Baca juga : Di Persidangan, Ahli Sebut Belum Ada Kerugian Negara Nyata dalam Kasus LPEI
Jaksa menilai para terdakwa dari pihak LPEI bertanggung jawab penuh atas pencairan fasilitas pembiayaan kepada PT TI dan PT PAS.
Para terdakwa juga dinilai tidak melakukan pengawasan aktif, tidak memverifikasi jaminan, dan tidak membandingkannya dengan kemampuan bayar debitur.
"Tapi para terdakwa tetap membuat akta untuk mencairkan proposal kredit, meskipun cash deficit guarantee tidak mencukupi," sebut jaksa saat membacakan surat tuntutan, Jumat (21/8/2026).
Jaksa meyakini para terdakwa bersalah melanggar Pasal 603 juncto Pasal 20 huruf c UU Nomor 1 Tahun 2023 tentang KUHP juncto Pasal 18 Undang-Undang Nomor 31 Tahun 1999 tentang Pemberantasan Tindak Pidana Korupsi.

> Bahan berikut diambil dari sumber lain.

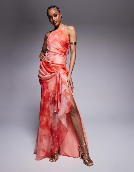 ASOS DESIGN Tall - Vestito lungo con dorso a vogatore, spalline sottili, gonna drappeggiata e stampa sfocata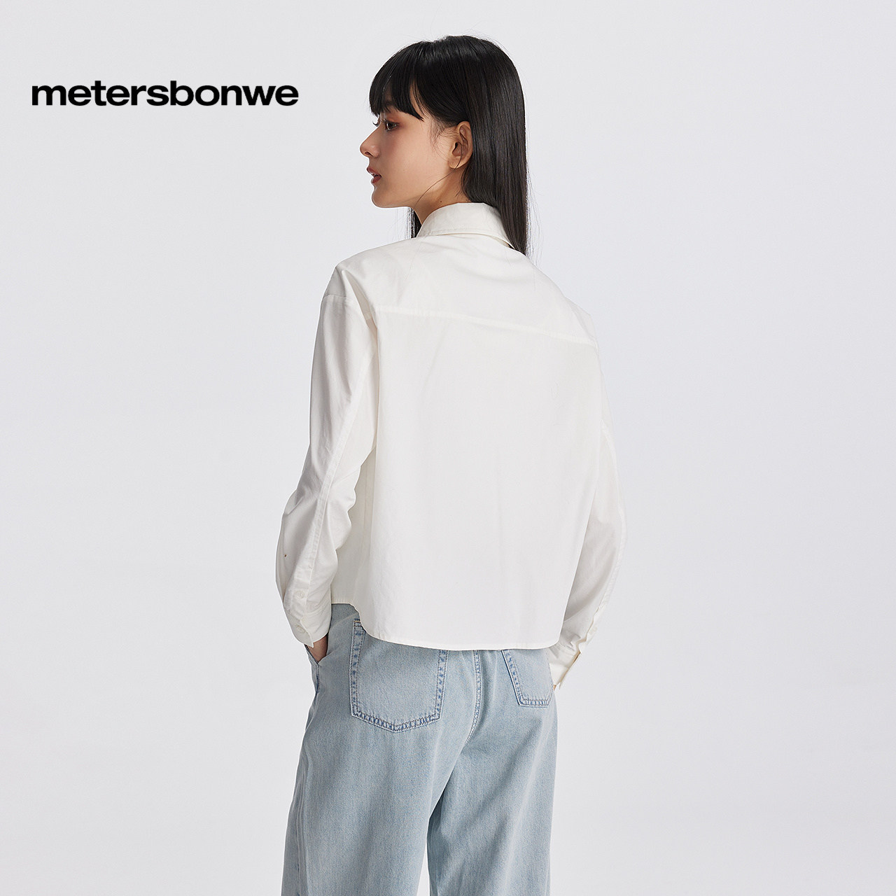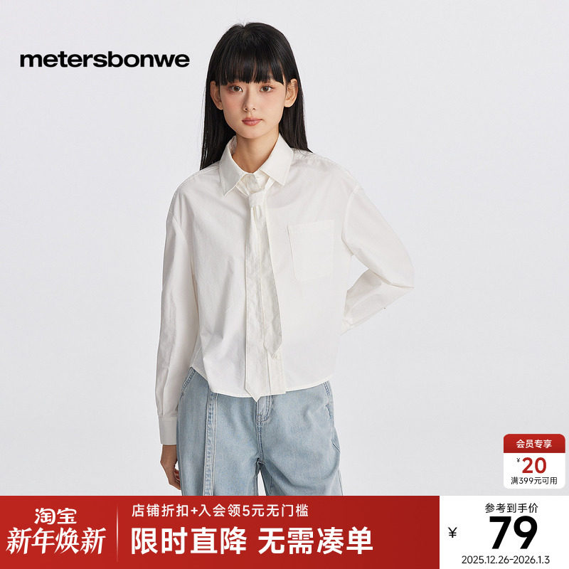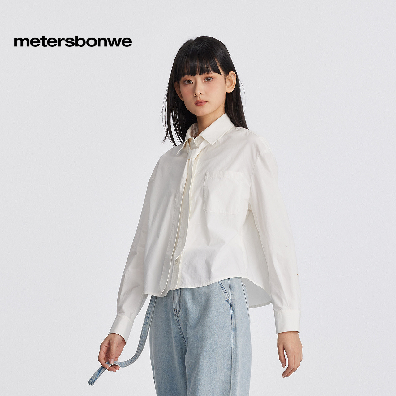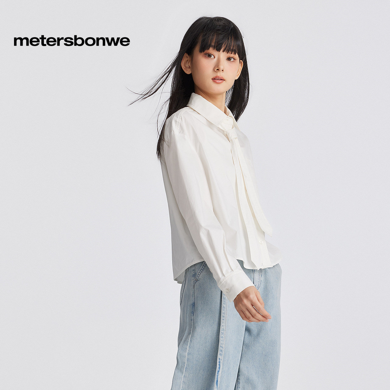 美特斯邦威时尚飘带衬衫女秋冬新款简约百搭贴袋长袖宽松学院上衣

Jaksa kemudian menuntut enam terdakwa mantan pejabat LPEI, yakni Andi Maulana Adjie, Intan Apriadi, Gamaginta, Komaruzzaman, Dwi Wahyudi, dan Ryan Wahyudi, masing-masing selama 8,5 tahun penjara.
Jaksa juga menjatuhkan pidana denda sebesar Rp 1 miliar subsider 190 hari pidana penjara pengganti. Namun, jaksa tidak membebankan pidana tambahan berupa uang pengganti kepada keenam terdakwa tersebut.
Sementara itu, terdakwa dari pihak swasta, Handoko Limaho, dituntut pidana penjara selama 11 tahun, denda Rp 1 miliar subsider 190 hari pidana penjara pengganti, serta membayar uang pengganti Rp 346,4 miliar subsider 5,5 tahun penjara.
Adapun Liu Raymond dituntut 13 tahun penjara, pidana denda Rp 1 miliar subsider 190 hari pidana penjara pengganti, serta uang pengganti Rp 646,3 miliar subsider 6,5 tahun penjara.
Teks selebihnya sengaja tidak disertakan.